Послушание… Она вдруг вспомнила отрывок из повести Крапивина, где старый летчик удивленно говорит мальчишке, что для него слово «послушание» никак не характеризует человека. «Послушный» – это какой? Ответственный? Смелый? Сильный?

Асе представилось вдруг само это слово – «послушный». Какая-то безжизненная сладкая вата, слипшаяся в противный комок, от которого отказались бы даже дети. Послушная Ксюша – какая она? Вялая и безликая. А послушная Ася? И может ли взрослый быть послушным? Нет, наверное, нет, но тогда с какого возраста можно перестать этого требовать у несчастных детей? И, выходит, непослушание – это привилегия? Некое право, которое словно паспорт, вручается тебе при достижении определенного возраста?

Обложка учебника отвечать Асе не стала. Поэтому пришлось закрыть ее сверху стопкой тетрадей, и, заперев кабинет на ключ, отправляться в актовый зал, готовиться к репетиции.

В этом году одиннадцатиклассников было не так много, как обычно: многие еще после девятого разошлись по техникумам, а некоторые переехали с родителями в другие районы Краснодара и поменяли школу.
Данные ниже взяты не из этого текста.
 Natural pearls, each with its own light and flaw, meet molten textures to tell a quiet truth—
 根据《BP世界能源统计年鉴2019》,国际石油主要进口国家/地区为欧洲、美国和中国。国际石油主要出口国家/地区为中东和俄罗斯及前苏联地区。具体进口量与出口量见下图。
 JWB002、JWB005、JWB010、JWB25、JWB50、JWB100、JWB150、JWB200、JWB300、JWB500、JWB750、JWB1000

Вместе с Ксюшей в ряду девочек стояло всего двенадцать человек. В линейке мальчиков было побольше – семнадцать.

-Опять придется просить десятиклассниц, – шепнула Лена в Асино ухо. – Ох и драка будет.
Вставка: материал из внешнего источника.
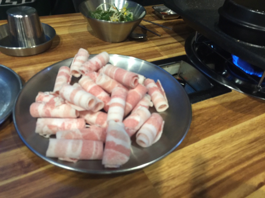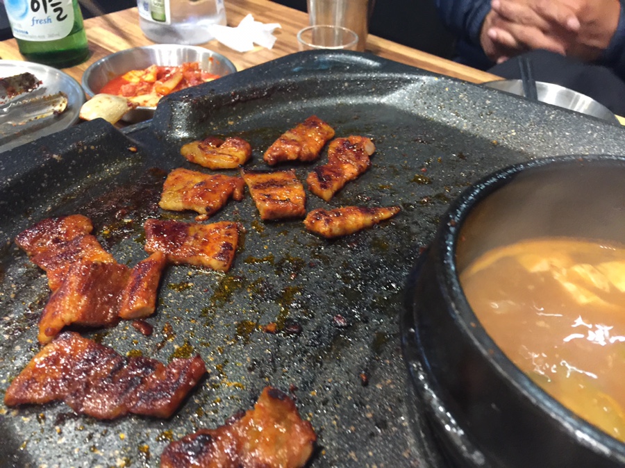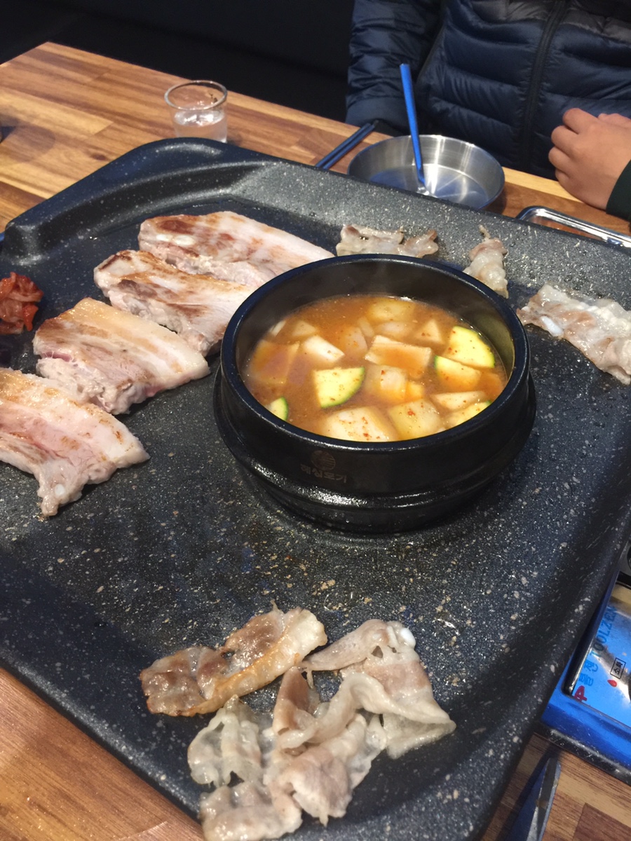 삼겹살이 익어가는 동안... 대패삼겹을 앞뒤로 살짝 식 구워 먹기 좋은 거 같습니다. 대패삼겹살이... 2인분 주문했는데.. 양이 좀 적어 보이네요. 1인분인 100g이라, 기본 4개는 주문해야 먹을만하네요. 중간에 된장찌개가 있는데... 요즘 이렇게 많이 나오는 곳이 있는데... 고기 익는 시간과 된장찌개 끊는 시간이 다르니... 된장찌개가 너무 짜지네요. 된장찌개가 뚝배기로 별도로 나오면 좋을 거 같네요.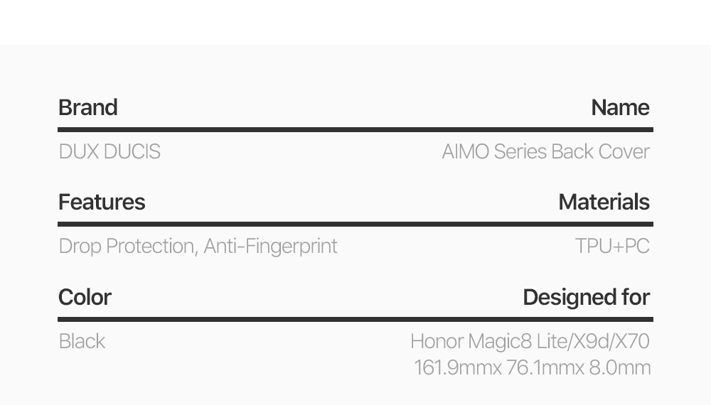 Aimo Series Back Cover for Honor Magic8 Lite / X9d / X7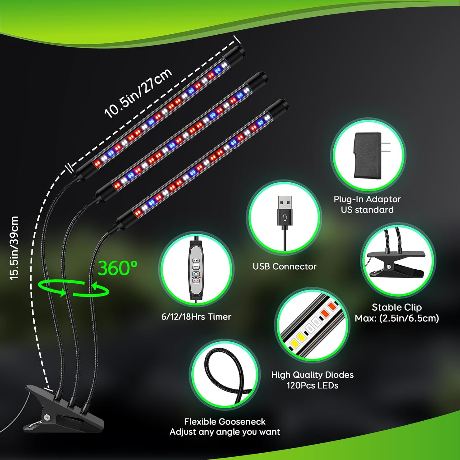 Tri-Heads Grow Lights for Indoor Plants, Full Spectrum with Adjustable 360 Gooseneck, 6/12/18H Timer & Dimming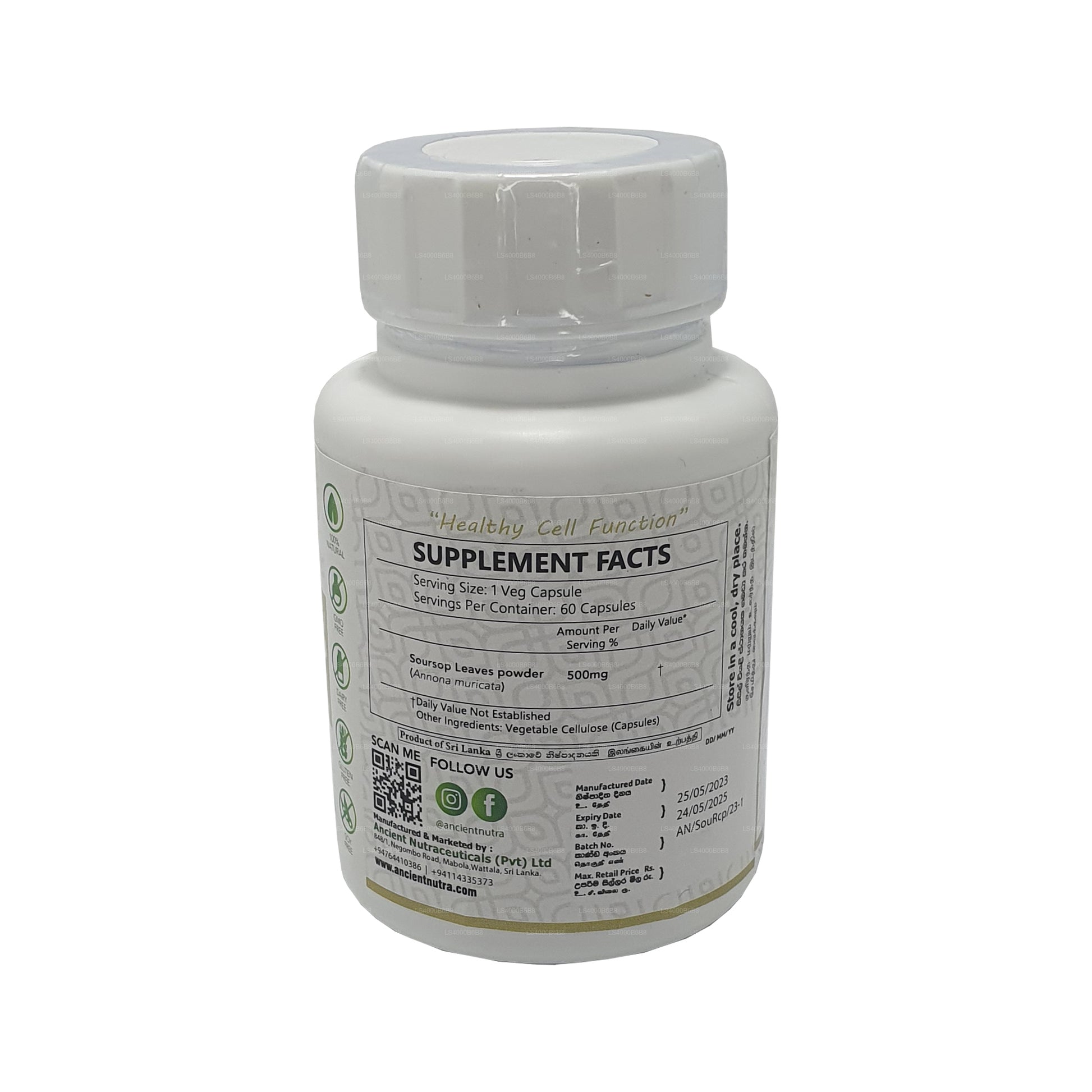 (SKU: LS4000B6B8) Ancient Nutra Soursop (60 capsules) biedt de potentiële gezondheidsvoordelen van zuurzakfruit in een handige en toegankelijke vorm. Met 60 capsules per fles is het een eenvoudige aanvulling op uw dagelijkse gezondheidsroutine en ondersteunt het de immuniteit en het algehele welzijn.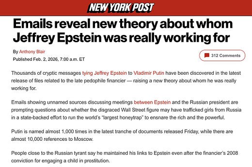The NY Post wants readers to believe that Russian President Putin begged for a meeting with Epstein... and Epstein turned him down 🤣🤣🤣

Ася спрятала улыбку. Драки, конечно, не будет, но крови девочки им попьют – к гадалке не ходи. Каждой хочется станцевать на выпускном с красивым юношей, сверкая красивым платьем. Она кинула взгляд на откровенно скучающую Ксюшу.

Почти каждой.

-Когда уже наймут нового затейника? – Продолжала шептать Лена. – Мы с тобой как будто двужильные: и уроки проведи, и еще танцы порепетируй.

-Директор сказал – скоро, – ответила Ася, и заметив, что школьный диджей уже настроил музыку, громко похлопала в ладони, привлекая к себе внимание школьников.

-Итак, мы начинаем. Кто из вас умеет танцевать вальс, поднимите руку.

Вверх взметнулось немало рук – около половины. Уже неплохо.

-Хорошо. Тогда разбиваемся на две линейки – тех, кто умеет и тех, кто нет.

Возникла суета, в которой школьники бродили туда-сюда, попутно выясняя, верно ли они услышали инструкции, и обмениваясь ехидными комментариями. Наконец, все выстроились в две шеренги, и Ася дала новую команду:

-Теперь разбиваемся на пары: в партнера берите того, кто стоит напротив вас, независимо от пола.

Здесь оказалось уже сложнее. Кто-то послушно сделал шаг вперед и остановился перед потенциальным партнером, а кто-то принялся бегать туда-сюда по шеренге в поисках подходящего. Только при помощи Лены удалось остановить это броуновское движение: кого улыбкой, кого легким пинком, Лена все-таки заставила всех разбиться на пары.

Ася поманила ее к себе, обняла за талию, и скомандовала:

-Все смотрим, как будем танцевать мы. Пока не повторяем, просто смотрим.

Диджей включил «Когда уйдем со школьного двора», и Ася с Леной принялись танцевать. Вела Ася – кружила Лену, мысленно подсчитывая шаги, и удивлялась, что так хорошо помнит этот танец.

-Все запомнили? – Спросила Ася, останавливаясь, и музыка тут же затихла.

Школьники покивали, одна лишь Ксюша сморщилась в гримасе. Ася не стала бы обращать на это внимание, но обратила Лена.

-Ксюш, что такое? – Спросила она.

Ася мысленно застонала.

-Мне кажется, эта песня… – Ксюша замолчала, подбирая слова. – Она несколько замыленная. Может быть, мы станцуем под что-нибудь другое?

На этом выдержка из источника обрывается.